* _How to complete this task_:
Set the listing down unchanged, minus every embedded image.

* _Data segment_:
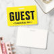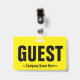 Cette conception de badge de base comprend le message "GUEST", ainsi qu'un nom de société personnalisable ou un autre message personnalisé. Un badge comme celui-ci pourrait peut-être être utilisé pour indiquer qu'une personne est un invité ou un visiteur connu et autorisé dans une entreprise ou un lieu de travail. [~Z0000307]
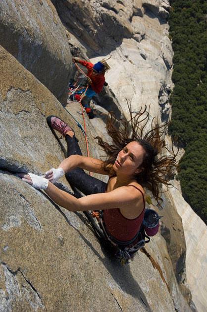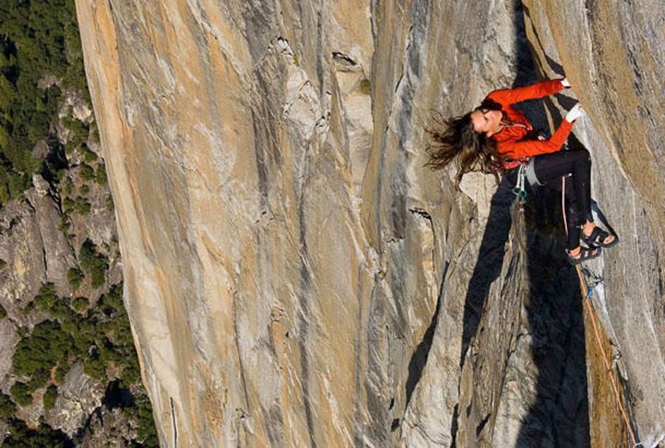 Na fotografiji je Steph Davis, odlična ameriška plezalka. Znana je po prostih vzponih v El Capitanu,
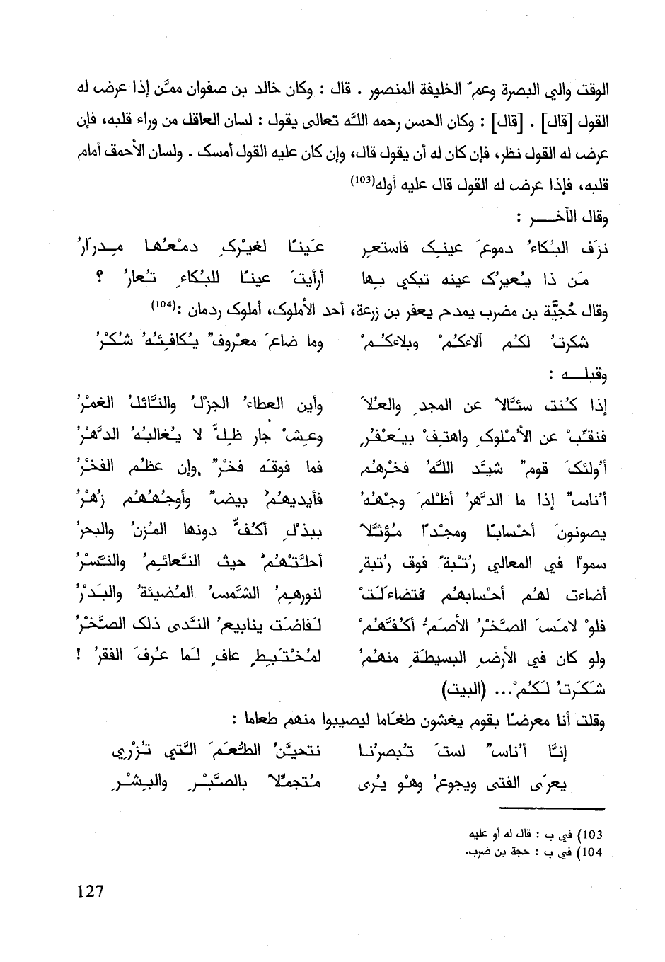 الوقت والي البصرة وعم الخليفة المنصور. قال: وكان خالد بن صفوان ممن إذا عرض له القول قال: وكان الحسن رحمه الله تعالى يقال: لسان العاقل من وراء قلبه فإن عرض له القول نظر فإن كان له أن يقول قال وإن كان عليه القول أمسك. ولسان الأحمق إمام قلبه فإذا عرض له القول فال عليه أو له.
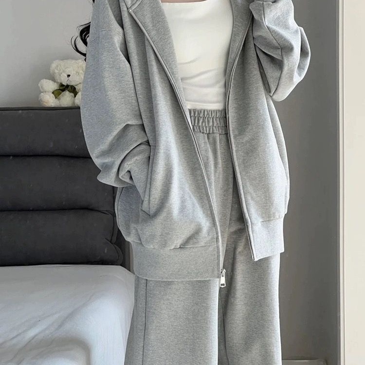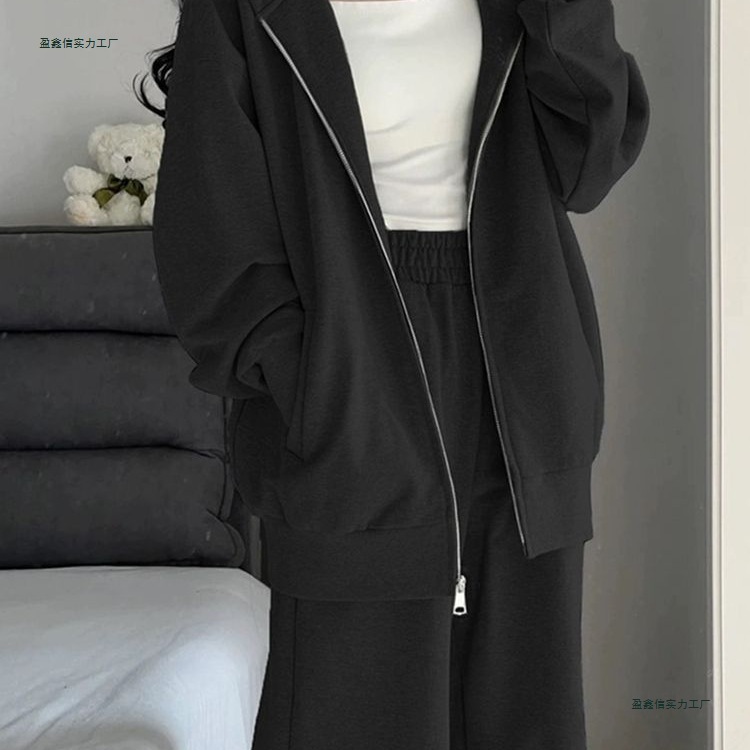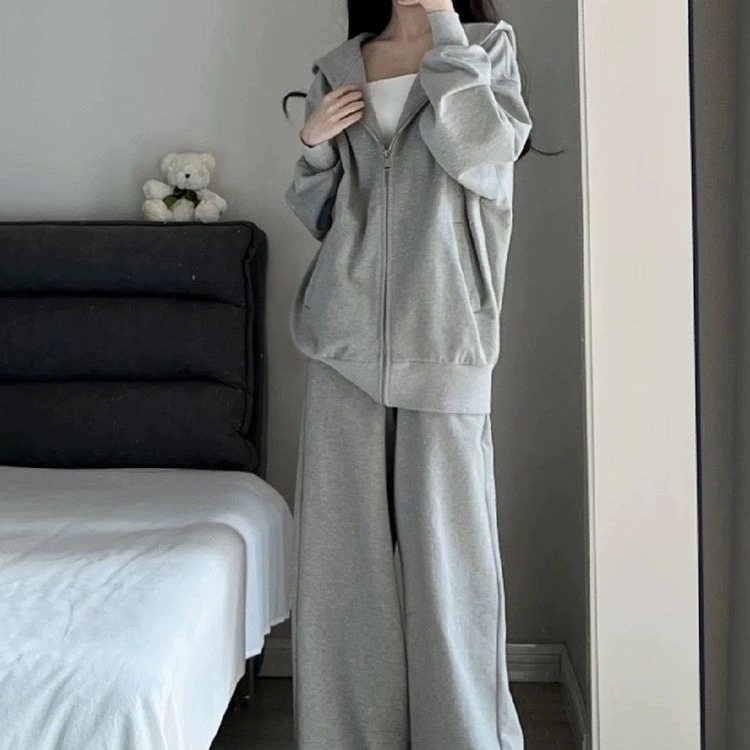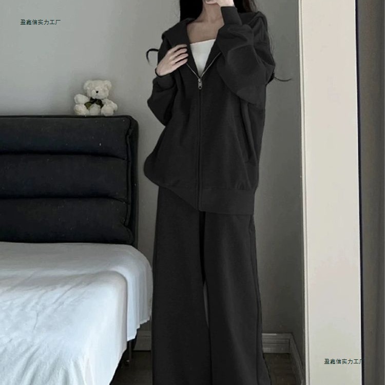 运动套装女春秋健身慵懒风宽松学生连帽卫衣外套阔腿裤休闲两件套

* _Your solution_:
 Cette conception de badge de base comprend le message "GUEST", ainsi qu'un nom de société personnalisable ou un autre message personnalisé. Un badge comme celui-ci pourrait peut-être être utilisé pour indiquer qu'une personne est un invité ou un visiteur connu et autorisé dans une entreprise ou un lieu de travail. [~Z0000307]
 Na fotografiji je Steph Davis, odlična ameriška plezalka. Znana je po prostih vzponih v El Capitanu,
 الوقت والي البصرة وعم الخليفة المنصور. قال: وكان خالد بن صفوان ممن إذا عرض له القول قال: وكان الحسن رحمه الله تعالى يقال: لسان العاقل من وراء قلبه فإن عرض له القول نظر فإن كان له أن يقول قال وإن كان عليه القول أمسك. ولسان الأحمق إمام قلبه فإذا عرض له القول فال عليه أو له.
 运动套装女春秋健身慵懒风宽松学生连帽卫衣外套阔腿裤休闲两件套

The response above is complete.